Project Description
a high performance threadpool good for tiny / small / medium processor work, which is the base of event_comb procedural programming framework.

this is a high performance threadpool implementation based on AutoResetEvent and thread-safe / lock-free queue <currently there are two solutions based on a locked thread-safe queue and a lock-free queue, with some minor performance difference>, while you can also provide your own thread-safe queue implementation.
this is not a 'better' threadpool than .net internal threadpool, while the .net internal threadpool needs to handle also sync io operation, and properly sleep in the logic. instead, this is a threadpool for mainly tiny / small / medium processor work, no sync io operations, no sleep, not good for heavy lock operations, a typical usage is to handle event_comb for a better performance. will follow a banchmark for details.
the design of the threadpool is to push all the work as a lambda expression in the thread-safe queue, there are several reader / worker threads <the default setting is same as the processor count> to read the work item from the queue and handle the job. if there is no more job, the thread will be in idle status and wait for the AutoResetEvent forever. when pushing a job into the queue, if the count of idle threads is more than 0, the push operation will also set the AutoResetEvent. so it has a very good performance for small and large number processor work items. and for huge and small number work items, several processors may be idle.

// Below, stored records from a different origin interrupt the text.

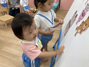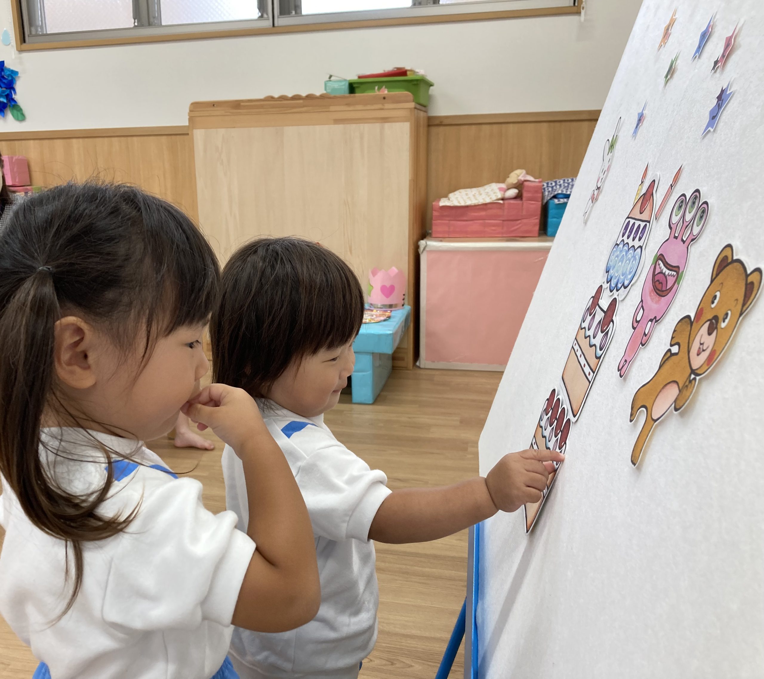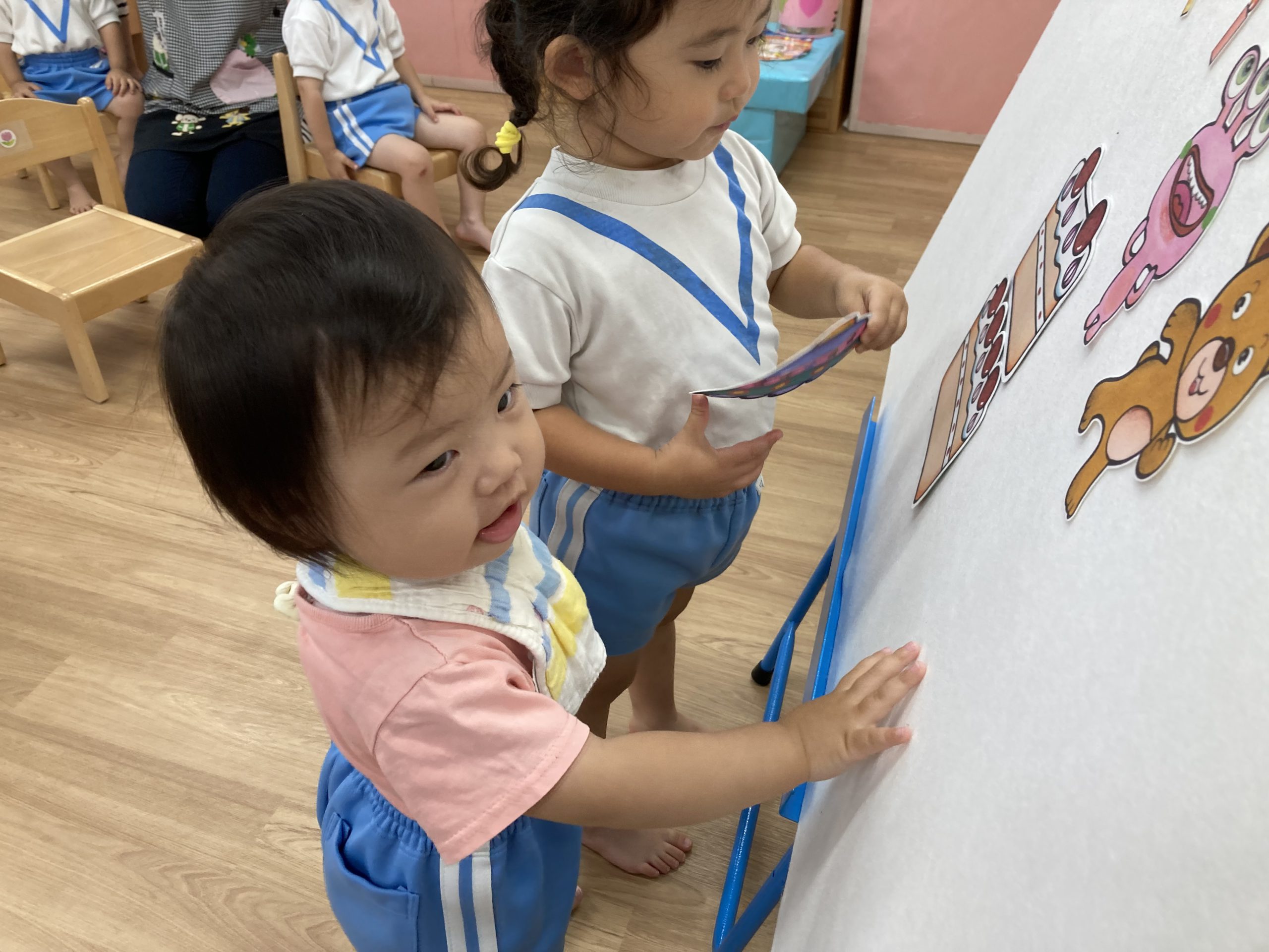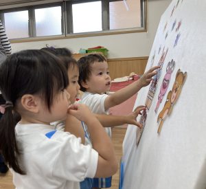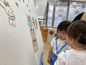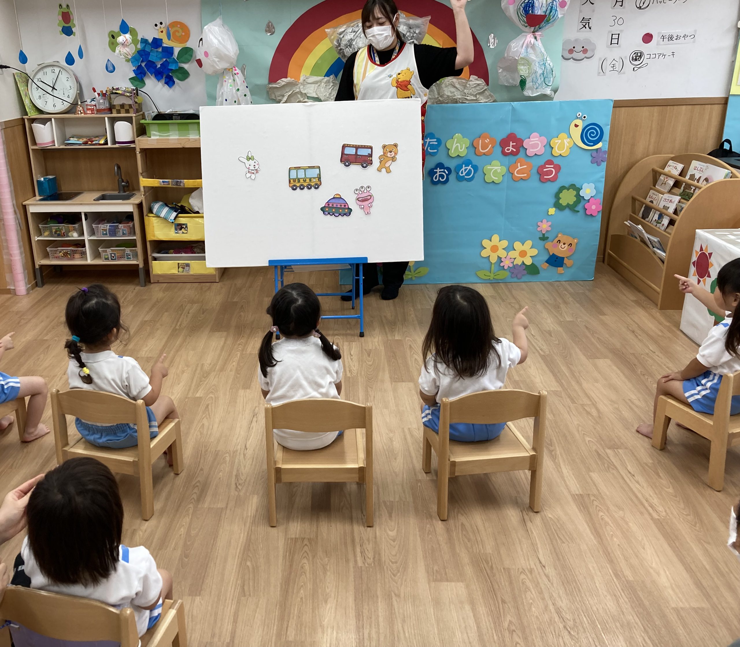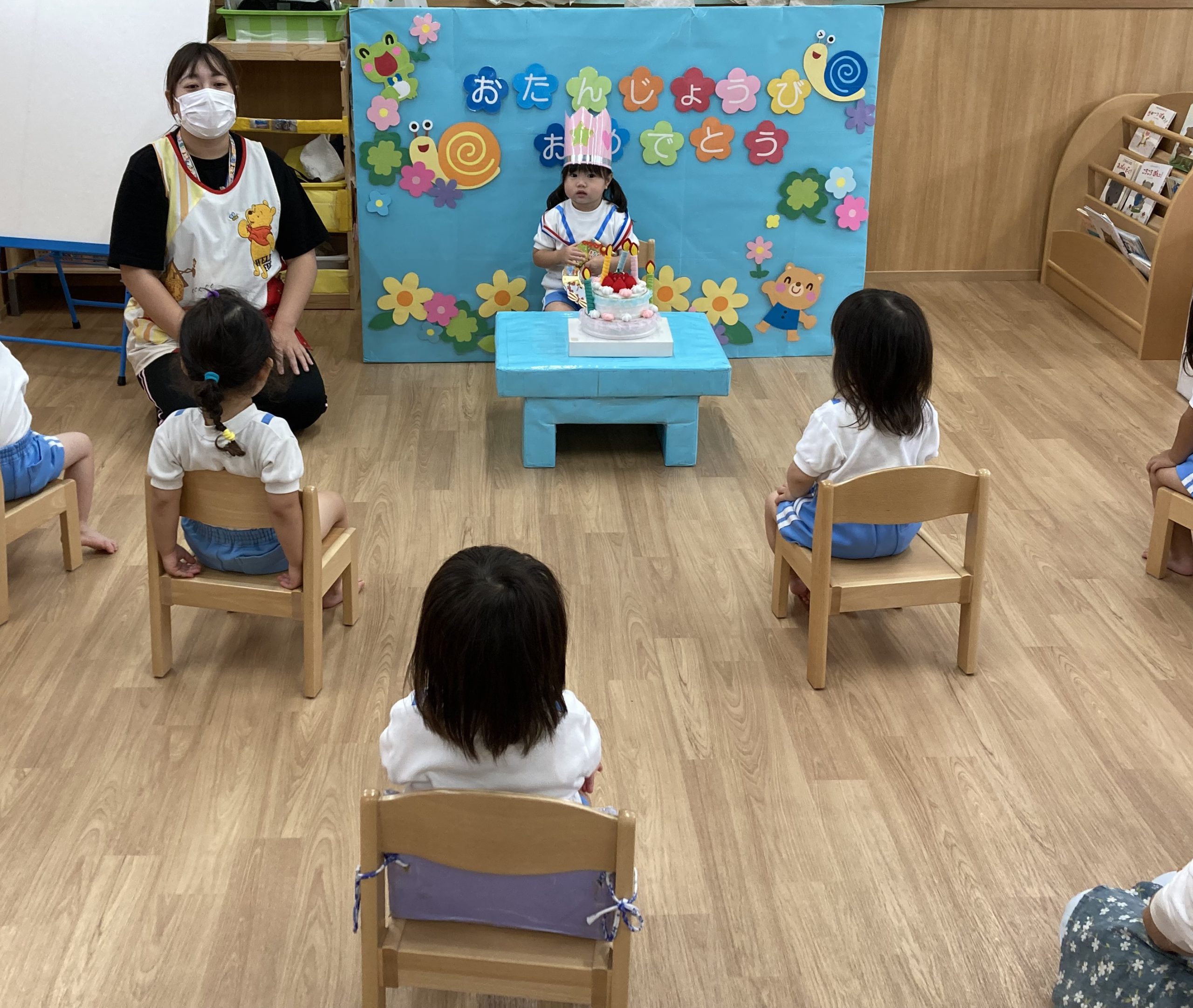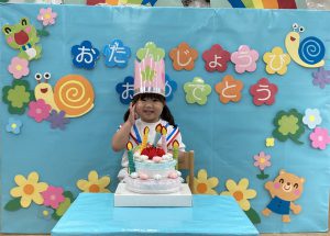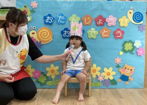 6月の誕生日会🎶2023年6月30日(金) 今日は6月の誕生会がありました🎵 誕生児は1名です🎶 少し緊張をしながら質問に答えていました🎵 そして、友達からの歌のプレゼントの時も緊張していましたが「おめでとう」と言われると少し笑顔が見られました🎶 保育者からの出し物は“へんしんケーキ”のパネルシアターでした🎵 みんなで魔法をかけると・・・ 車がケーキに変身しました♪ 変身したケーキを順番に食べに行きました🎵 お誕生日おめでとうございます。 素敵な一年になりますように・・・ « 水遊び🎶 ピーマンの収獲🎶 »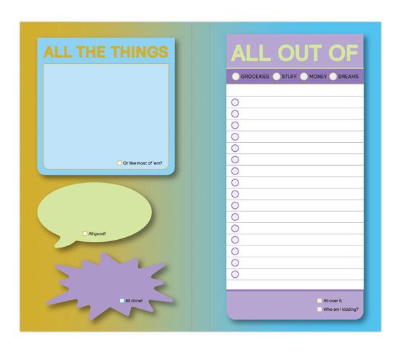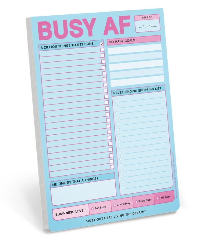 Click here for more Classic Pads NEW! No. 9781683493839 Busy AF £7.95 NEW! No. 9781683493846 Shit List £7.95 Classic Pads—Fresh Look! SPECS: 60 sheets; adhesive binding, All Out Of Vegan and Things ... House have magnet on back SIZE: 6 x 9 inches; 15.2 x 22.9 cm | PKG: Shrinkwrapped | INNER: 6 | PRICE: £7.95 TO ORDER: email info@abramsandchronicle.co.uk • or click here for representation pagePG 6 NEW! AVAILABLE NOW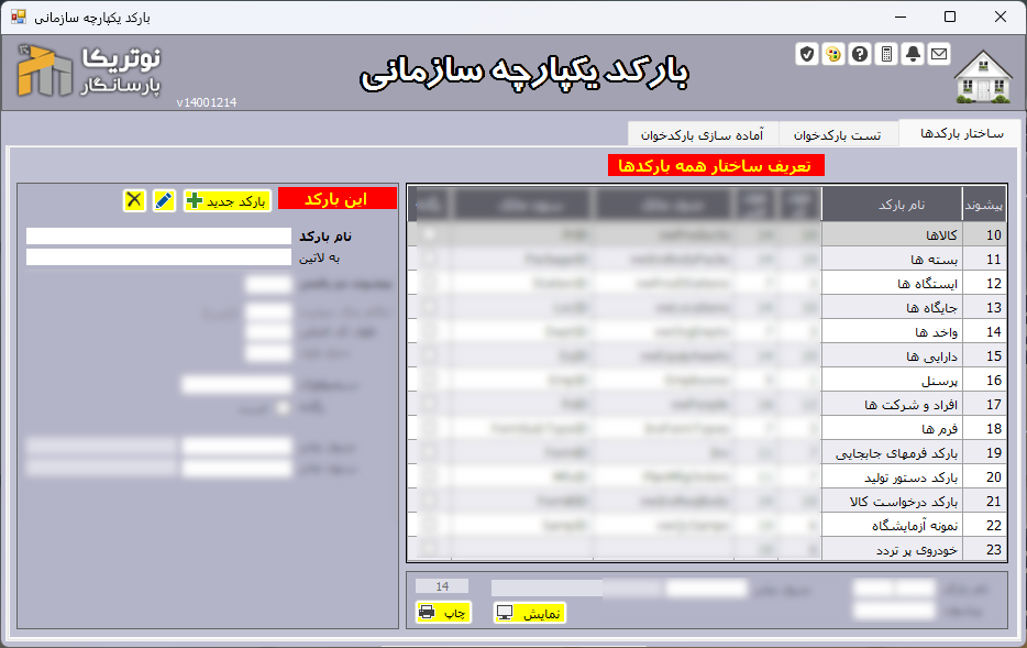 - تمامی بارکدهای برنامه را میتوانید به سلیقه و نیاز خودتان دستکاری کنید. (هم محتوا و هم شکل چاپ)

for the banchmark, i have write a small piece of code called fake_processor_work, which is just spinwait for a specific time. the unit of the time is tick <1/10000 milliseconds>, so the information below is based on the length of the fake_processor_work, say, threadpool_perf_10 means a large number of workitems, each one will spinwait for 10 ticks. for the detail of the test case, please refer to the source code.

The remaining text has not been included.